● ASSIGNMENT
A faithful copy is needed of the lines below from the one with "Minnesota Wild's defender" up to and including the one with "Poppies flower early on"; set it down with no pictures and no other lines.

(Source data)
──────────

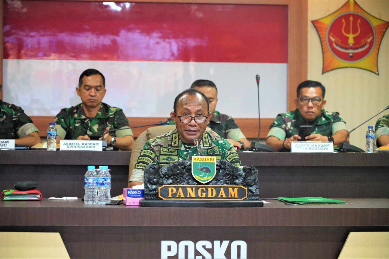 Acara ini juga diikuti Pangdam XVIII/Kasuari, Mayjen TNI Gabriel Lema, S.Sos, yang didampingi para pejabat Kodam XVIII/Kasuari dari ruang Posko Kodam XVIII/Kasuari, Makodam, Trikora, Arfai 1, Manokwari, Papua Barat, Jumat (25/11/2022).
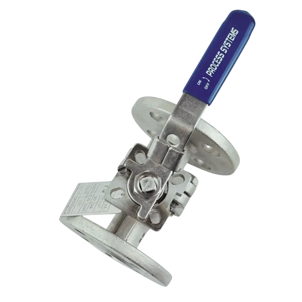 Two piece two way ANSI 150 lb flanged fire safe approved ball valve, lockable lever operation. 316 Stainless Steel body, PTFE seats, FKM backing ring, live loaded packing and anti static device. Firesafe Approved API607 Sixth Edition, Cert. No 230679. ISO5211 Mounting Pad allowing direct coupling of actuation. Great for fuel applications, pipelines, water treatment and general industry. If you are using these on steam or other high temperature applications (above 120°C) and do not need the fire safe certification, we recommend going with a 50/50 stainless steel/ptfe seat to extend your valve life.
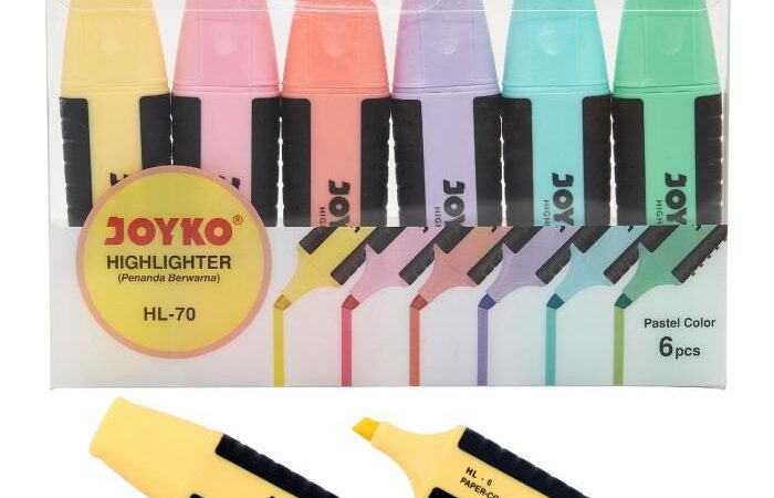 Tingkatkan produktivitas dan organisasi catatan Anda dengan set highlighter pastel yang lembut dan eye-catching dari Joyko. Set HL-70 ini dirancang khusus untuk memberikan warna yang tidak terlalu mencolok, mengurangi ketegangan mata, dan cocok untuk semua kebutuhan studi maupun kerja Anda.
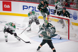Minnesota Wild's defender Jack Johnson (3), Dallas Stars' forward Adam Erne (76) and Minnesota Wild goaltender Jesper Wallstedt (30)all watch a bouncing puck during the second period of an NHL preseason hockey game, Thursday, Sept. 25, 2025, at Grand Casino Arena in St. Paul, Minn. (Jeff Wheeler/Star Tribune via AP)
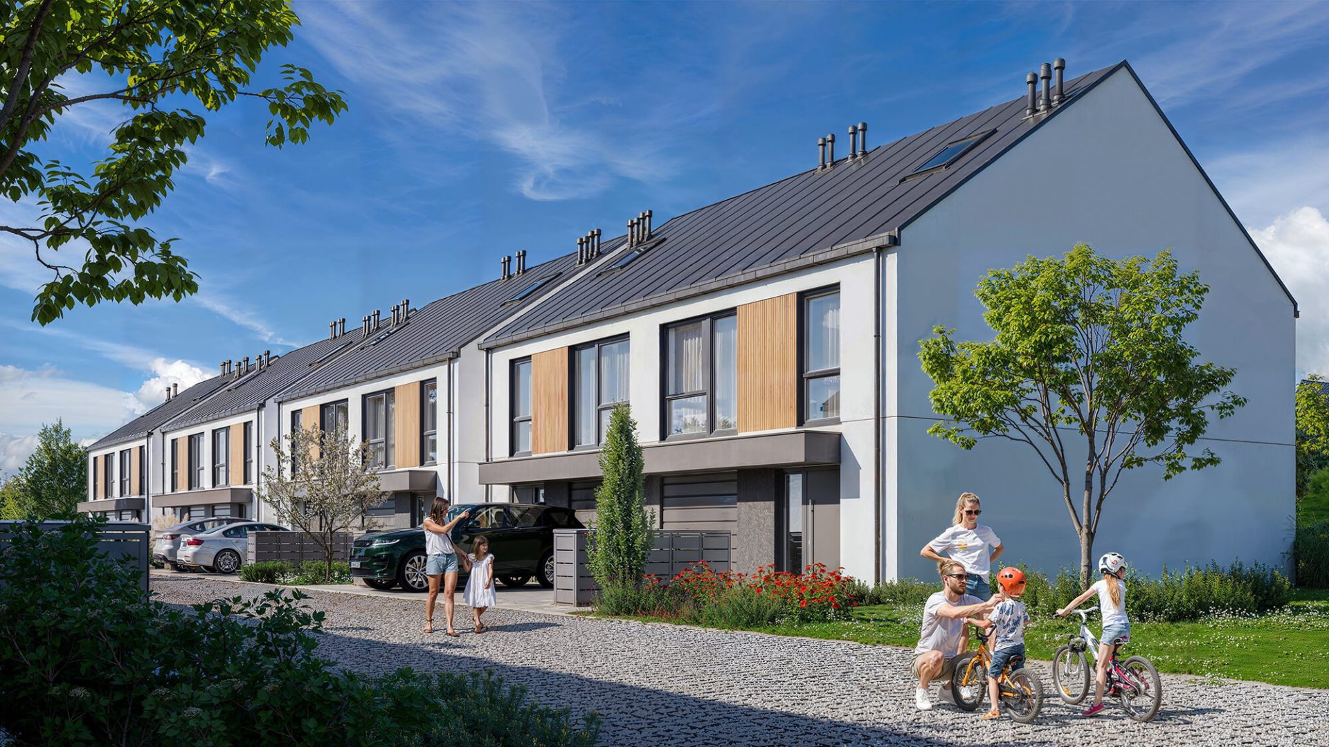 Dla tej inwestycji przygotowaliśmy zestaw wizualizacji, które oddają kameralny charakter osiedla oraz przyjazną przestrzeń stworzoną z myślą o codziennym komforcie mieszkańców.
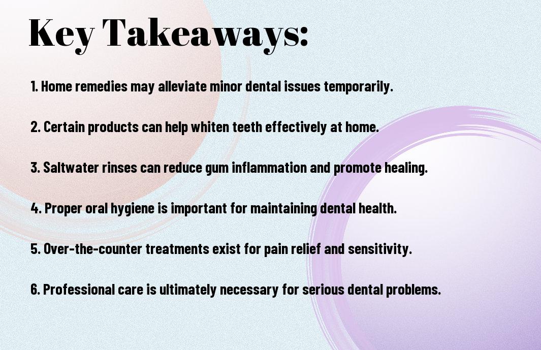 Even though dental visits are important for maintaining oral health, there are home remedies you can try for minor dental issues. These remedies can provide temporary relief and help you manage discomfort until you can see a dentist. By utilizing natural ingredients and methods, you can address some common problems like toothaches, sensitivity, and plaque buildup right from the comfort of your home.
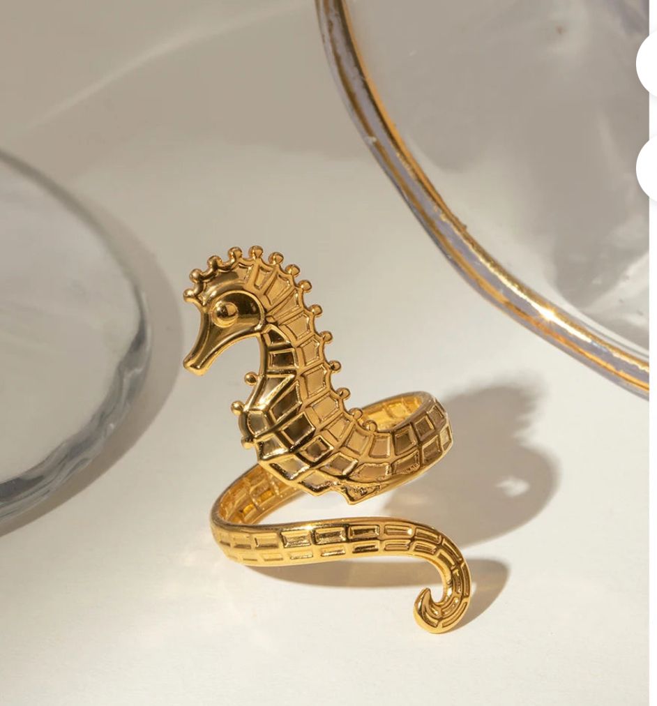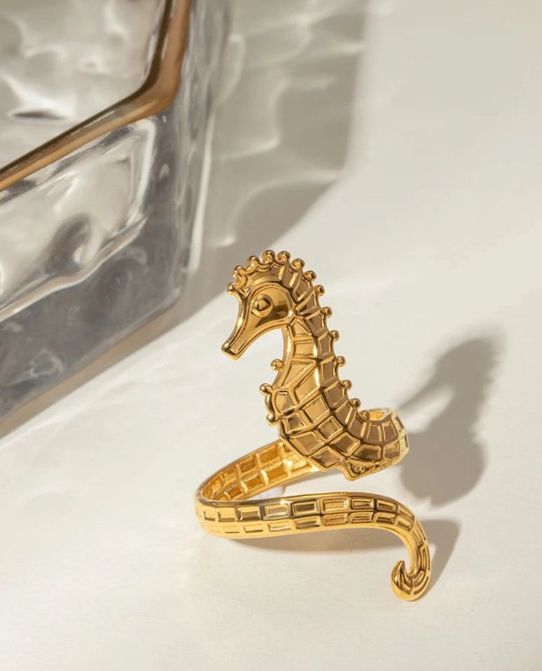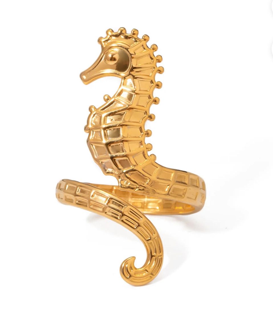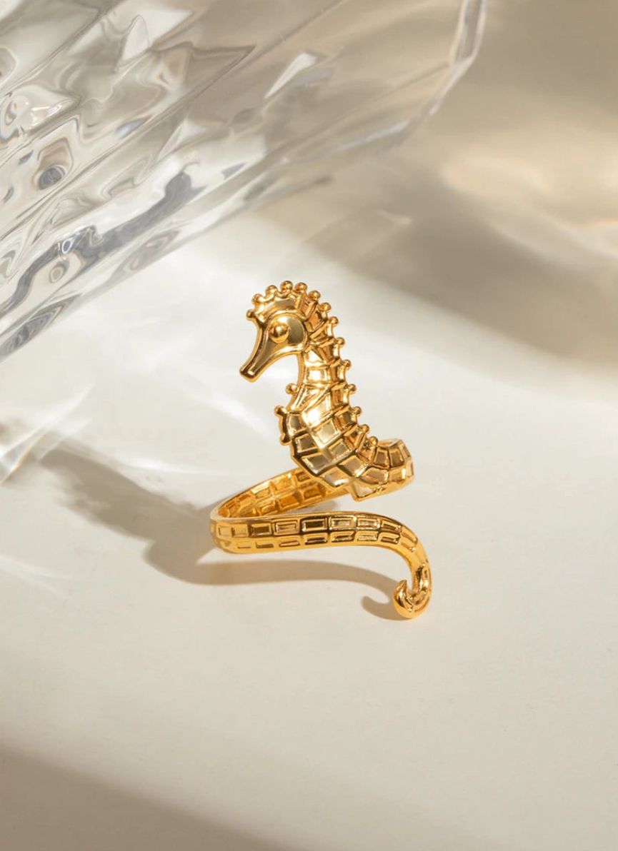Elevate your style with the Sea Horse Open Ring, made of ethically sourced 18K gold plated over stainless steel. Hypoallergenic and water-resistant, this adjustable ring is perfect for everyday wear. Feel confident and fashionable while promoting ethical and safe fashion choices.
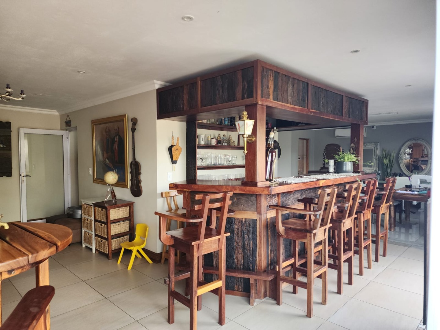 Or through the sliding doors into the man cave, complete with a built-in bar. From here, a staircase leads you into the heart of the home.
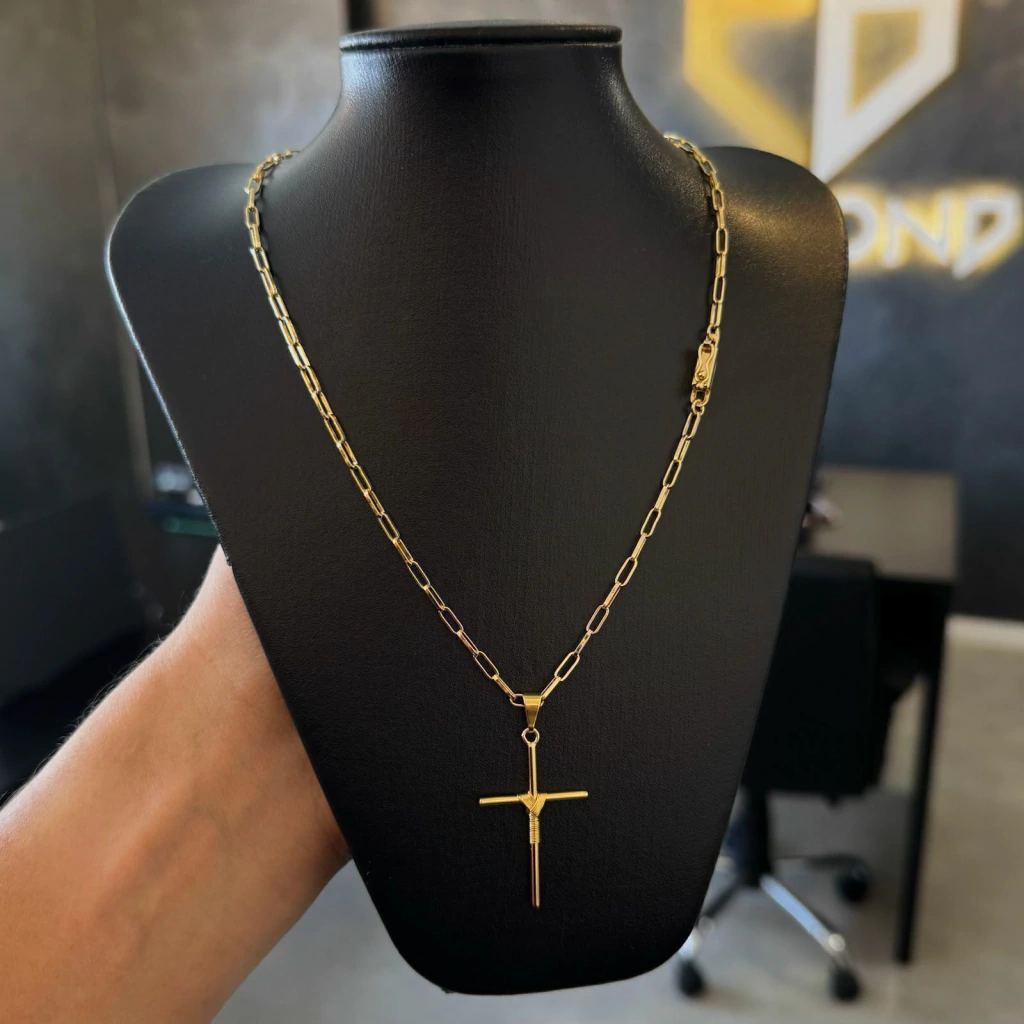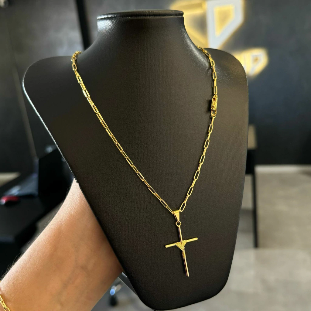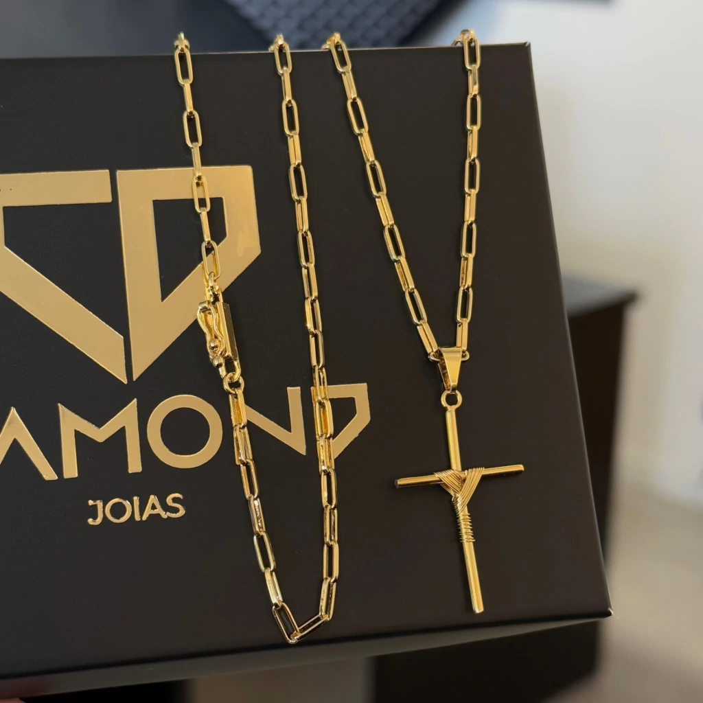 Dimensões: Corrente com aproximadamente 4mm de grossura,e o tamanho pode ser escolhido entre (60cm ou 70cm) de comprimento. Pingente 4,5cm x 2,5cm.
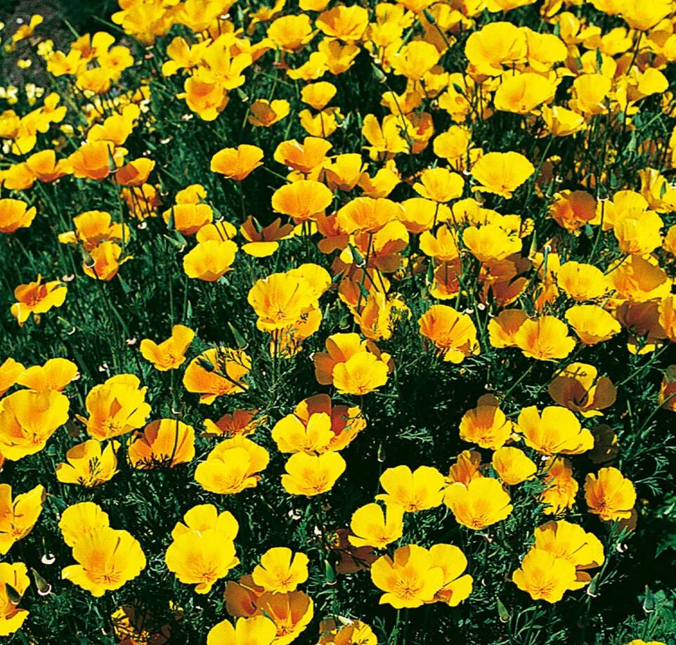 Poppies flower early on erect, slender stems above lacy blue-grey foliage. Compact plants are drought-tolerant and sturdy despite their delicate appearance. These plants are designed to thrive in challenging conditions, making them the ideal choice for areas with limited water resources.
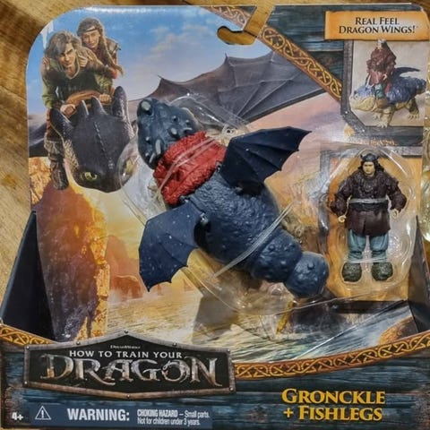Drage fra ‘Sådan træner du din drage’. Fremstillet i plastik med detaljer i blå, grå og sort. Legetøjet har bevægelige kæber og aftagelige dele, herunder en beskyttelsesmaske til hovedet.
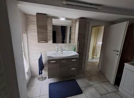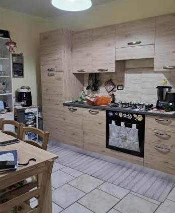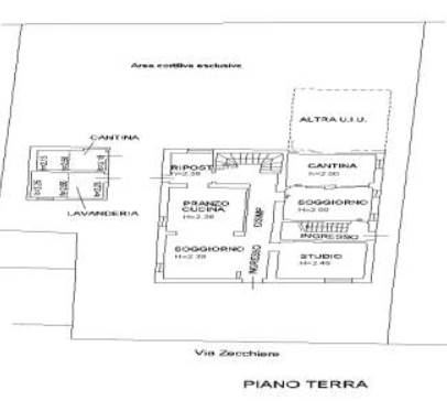 L'appartamento(civico 34)al piano terra, due ingressi di cui uno principale e l'altro di servizio, costituito da pranzo-cucina, soggiorno, studio, antibagno di ampie dimensioni, ripostiglio e scala di collegamento che conduce al secondo piano, ove sono presenti due camere da letto ed un bagno, oltre ad una botola che conduce al sottotetto, autorimessa (con doppio portone), lavanderia e cantina.
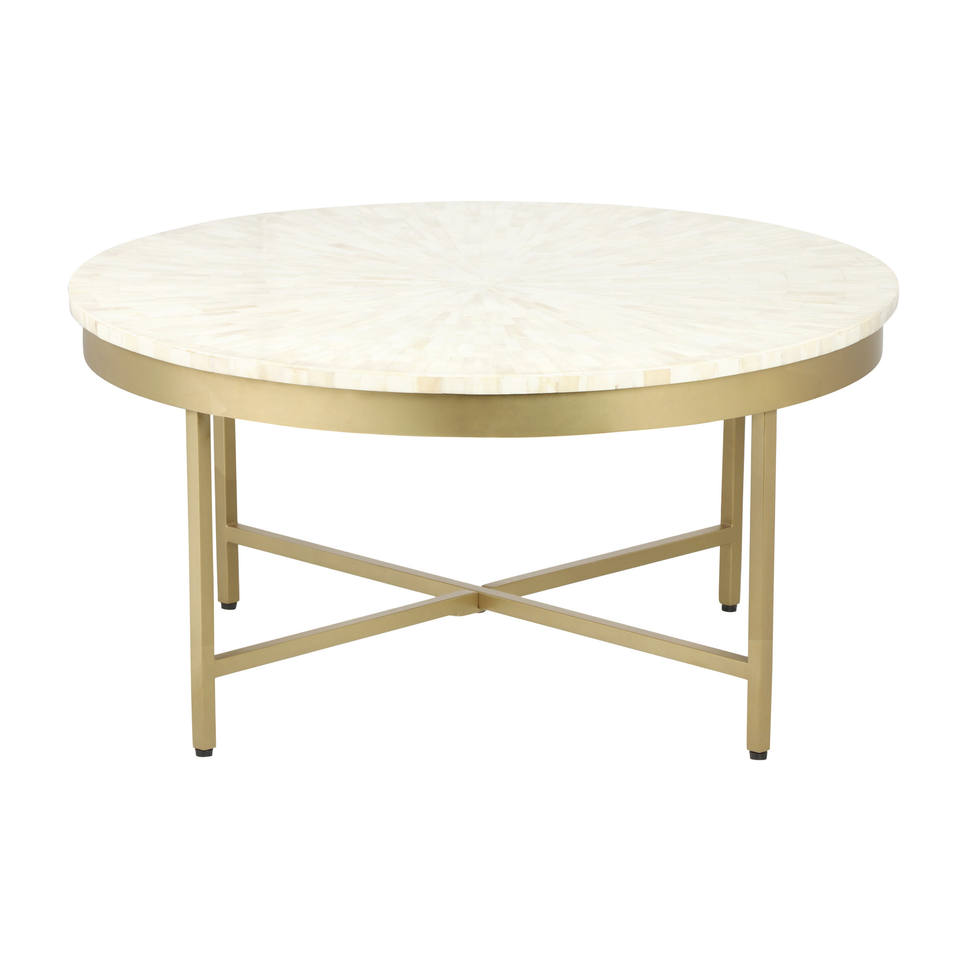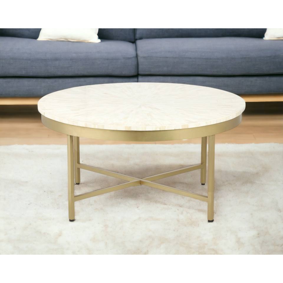 HMS 18\" Classic Round Coffee Table Ivory and Gold Wood & Steel with Tempered Glass & Sintered Stone for Living Room
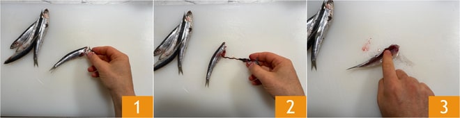 Um die gefüllten Sardellen zuzubereiten, beginnen Sie mit der Reinigung: Unter einem Wasserstrahl oder in einer Schüssel mit Wasser lösen Sie den Kopf 1, säubern das Innere 2 und erweitern vorsichtig die Öffnung mit dem Finger 3.

──────────

● TASK SOLUTION
Minnesota Wild's defender Jack Johnson (3), Dallas Stars' forward Adam Erne (76) and Minnesota Wild goaltender Jesper Wallstedt (30)all watch a bouncing puck during the second period of an NHL preseason hockey game, Thursday, Sept. 25, 2025, at Grand Casino Arena in St. Paul, Minn. (Jeff Wheeler/Star Tribune via AP)
 Dla tej inwestycji przygotowaliśmy zestaw wizualizacji, które oddają kameralny charakter osiedla oraz przyjazną przestrzeń stworzoną z myślą o codziennym komforcie mieszkańców.
 Even though dental visits are important for maintaining oral health, there are home remedies you can try for minor dental issues. These remedies can provide temporary relief and help you manage discomfort until you can see a dentist. By utilizing natural ingredients and methods, you can address some common problems like toothaches, sensitivity, and plaque buildup right from the comfort of your home.
Elevate your style with the Sea Horse Open Ring, made of ethically sourced 18K gold plated over stainless steel. Hypoallergenic and water-resistant, this adjustable ring is perfect for everyday wear. Feel confident and fashionable while promoting ethical and safe fashion choices.
 Or through the sliding doors into the man cave, complete with a built-in bar. From here, a staircase leads you into the heart of the home.
 Dimensões: Corrente com aproximadamente 4mm de grossura,e o tamanho pode ser escolhido entre (60cm ou 70cm) de comprimento. Pingente 4,5cm x 2,5cm.
 Poppies flower early on erect, slender stems above lacy blue-grey foliage. Compact plants are drought-tolerant and sturdy despite their delicate appearance. These plants are designed to thrive in challenging conditions, making them the ideal choice for areas with limited water resources.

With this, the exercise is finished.